What I want is to open the file in the existing process if the process is already running... is this possible or will it depend on how the process being called handles new process calls?

here is what I have:

def sendToTagger(self, file):
            msg = "-- " + self.getDateStamp() + "-- Sending " + os.path.basename(file) + " to Tagger...\r\n"
            self.logFile.write(msg)
            print(msg)
            p = subprocess.Popen(['C:\\Program Files (x86)\\Tagger\\Tagger.exe', file], shell=False, stdin=None, stdout=None)

Answer 1

It has to spawn a new process as you are calling external command not native to your python code.
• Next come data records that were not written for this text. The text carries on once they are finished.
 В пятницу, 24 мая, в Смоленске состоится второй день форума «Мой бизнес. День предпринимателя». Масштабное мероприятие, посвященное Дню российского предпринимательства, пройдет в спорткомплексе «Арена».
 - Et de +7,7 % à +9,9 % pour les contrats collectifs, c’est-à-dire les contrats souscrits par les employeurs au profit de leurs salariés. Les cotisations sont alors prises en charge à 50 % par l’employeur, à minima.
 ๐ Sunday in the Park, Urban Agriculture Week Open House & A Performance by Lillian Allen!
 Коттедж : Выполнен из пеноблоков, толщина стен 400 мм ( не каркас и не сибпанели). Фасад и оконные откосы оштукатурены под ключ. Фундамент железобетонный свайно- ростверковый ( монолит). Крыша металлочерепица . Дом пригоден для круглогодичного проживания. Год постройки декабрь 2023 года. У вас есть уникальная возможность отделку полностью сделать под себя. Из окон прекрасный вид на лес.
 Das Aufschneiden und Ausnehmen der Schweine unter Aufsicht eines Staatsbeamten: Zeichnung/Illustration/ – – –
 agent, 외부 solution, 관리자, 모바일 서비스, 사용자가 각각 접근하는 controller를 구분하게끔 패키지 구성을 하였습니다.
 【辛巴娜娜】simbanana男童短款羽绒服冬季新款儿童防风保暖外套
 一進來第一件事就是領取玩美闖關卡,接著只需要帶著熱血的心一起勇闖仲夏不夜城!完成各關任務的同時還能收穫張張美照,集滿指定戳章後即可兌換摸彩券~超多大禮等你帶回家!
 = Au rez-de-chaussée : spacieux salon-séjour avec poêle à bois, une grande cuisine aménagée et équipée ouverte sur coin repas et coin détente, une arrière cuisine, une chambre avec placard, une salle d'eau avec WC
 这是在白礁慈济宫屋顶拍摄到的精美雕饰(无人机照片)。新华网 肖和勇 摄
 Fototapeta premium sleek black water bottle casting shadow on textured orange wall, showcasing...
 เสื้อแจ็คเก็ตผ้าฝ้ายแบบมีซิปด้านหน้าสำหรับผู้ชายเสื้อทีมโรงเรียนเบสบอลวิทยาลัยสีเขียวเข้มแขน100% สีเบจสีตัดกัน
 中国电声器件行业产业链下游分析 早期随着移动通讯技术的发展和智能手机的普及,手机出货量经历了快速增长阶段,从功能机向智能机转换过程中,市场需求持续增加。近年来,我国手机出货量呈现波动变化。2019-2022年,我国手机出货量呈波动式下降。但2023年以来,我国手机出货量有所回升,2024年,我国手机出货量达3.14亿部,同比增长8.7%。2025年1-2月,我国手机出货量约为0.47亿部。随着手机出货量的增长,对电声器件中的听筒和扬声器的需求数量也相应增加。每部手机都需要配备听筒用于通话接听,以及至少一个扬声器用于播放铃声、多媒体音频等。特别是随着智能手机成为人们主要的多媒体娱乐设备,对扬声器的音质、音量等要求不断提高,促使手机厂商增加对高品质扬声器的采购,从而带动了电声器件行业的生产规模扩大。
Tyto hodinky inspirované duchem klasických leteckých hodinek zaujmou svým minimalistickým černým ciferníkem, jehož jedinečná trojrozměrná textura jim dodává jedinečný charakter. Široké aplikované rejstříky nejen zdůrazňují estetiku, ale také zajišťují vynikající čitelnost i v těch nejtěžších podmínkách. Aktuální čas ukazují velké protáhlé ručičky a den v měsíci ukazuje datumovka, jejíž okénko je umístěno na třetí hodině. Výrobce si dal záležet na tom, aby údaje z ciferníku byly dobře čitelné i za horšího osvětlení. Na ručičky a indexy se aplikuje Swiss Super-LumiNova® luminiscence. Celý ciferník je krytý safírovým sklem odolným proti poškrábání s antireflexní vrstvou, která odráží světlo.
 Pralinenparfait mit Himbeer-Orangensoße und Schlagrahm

But you can, if you wish wait for the process to complete by calling p.wait()

Answer 2

subprocess.Popen always opens a new process (that is it's purpose). You need to determine how Tagger.exe allows another program to programmatically request it to open a new file. In the simplest case you can simply communicate with it over stdin (in which cause you need to set stdin and possibly stdout to PIPE). However, your program may require some other method of inter-process communication (IPC). Such as sockets, shared memory, etc. I am not familiar with the methods on Windows, but if Tagger is a graphical program there is a good chance that you will need to do something more sophisticated.